Much current policy oriented spatial research is single-issue driven, with the research question set by a policy problem in need of resolution – the affordability or poor location of housing; what sustainable human settlements are all about; how to activate transit oriented development; and so on. This research is important and valuable. But very often it is normatively driven rather than dispassionate and objective, and it does not carefully enough examine actual spaces and spatial processes through a multidisciplinary perspective. This project moves from the premise that a ‘landscape’ study approach – involving both careful empirical analysis of specific places over an extended period, as well as new theorizing of the urban processes shaping them – may better elucidate the global and generalisable and the local and idiosyncratic forces (including government policy) producing this region’s settlement forms.

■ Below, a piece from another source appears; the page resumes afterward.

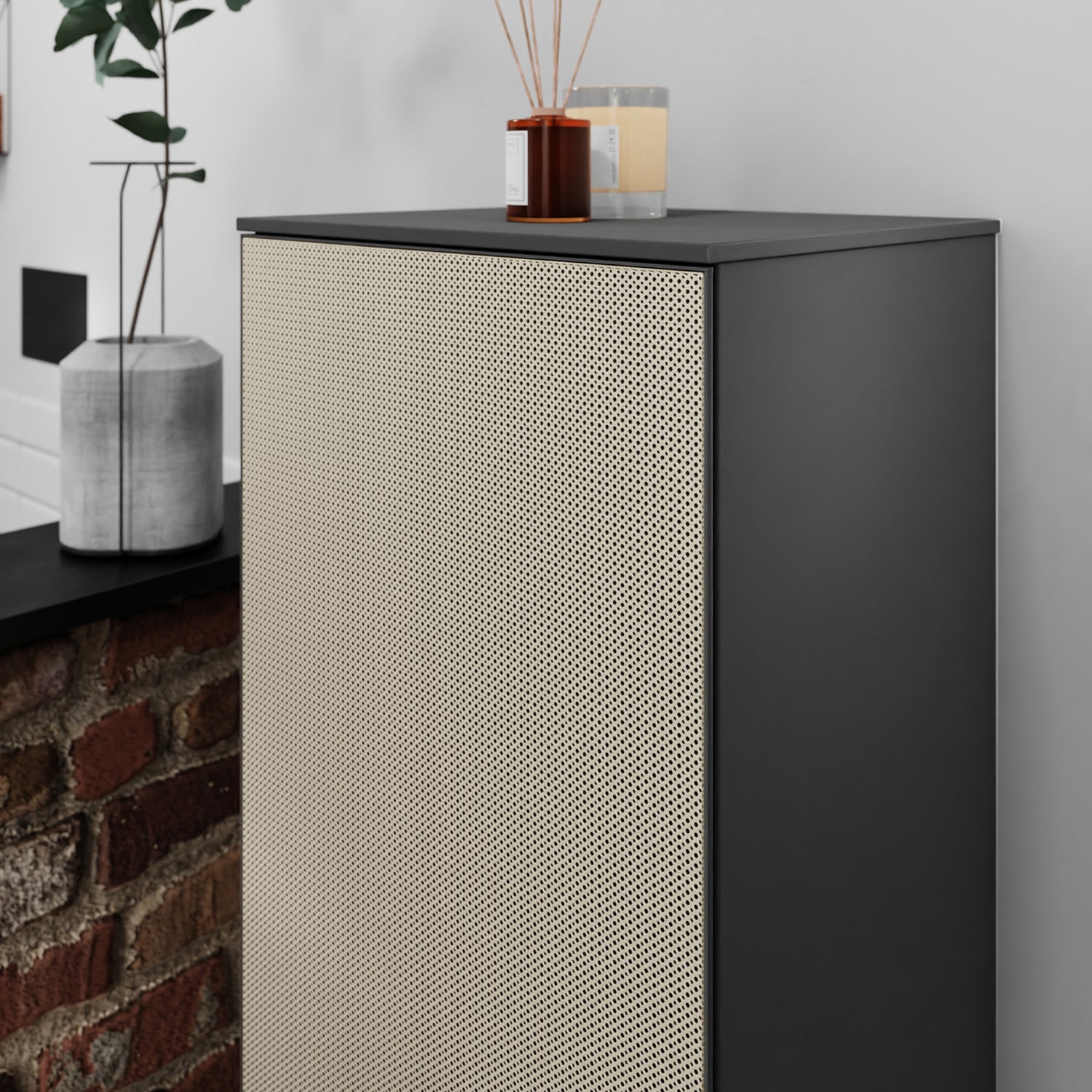 - Hinweise: Aluminiumrahmen in Korpusfarbe ermöglicht einfaches Wechseln der Fronten

This longer term project will study the GCR’s ‘zones of displaced urbanisation’ holding hundreds of thousands of people, but without discernable economic centres, in the north-east and north-west of the GCR. This focus is important because the idea of an extended city-region, spanning across the borders of the Gauteng province, is often mentioned, and the need to situate the trends and dynamics shaping Gauteng within its wider frame – the platinum belt in the west, the coal and energy economies of to the east and south – is frequently highlighted. However to date GCRO has done very little sustained and in-depth research into the areas adjoining Gauteng proper. The ex-bantustan and homeland areas north of Gauteng are a significant and generally under-studied feature of the region. There are arguably few major metropolitan regions in the world that have such a periphery, with city-sized populations forced by past policies into inefficient and inappropriately located not-quite-urban and not-quite-rural settlement forms. We know very little about how these areas are changing. Do long term commuting patterns still sustain them? Are they ageing and depopulating over time? Are they benefiting from investments of migrant worker wages? Are any new local economies emerging over time? What are government’s plans for them, and how do these articulate with the long-term strategies (spatial and otherwise) being generated by Gauteng?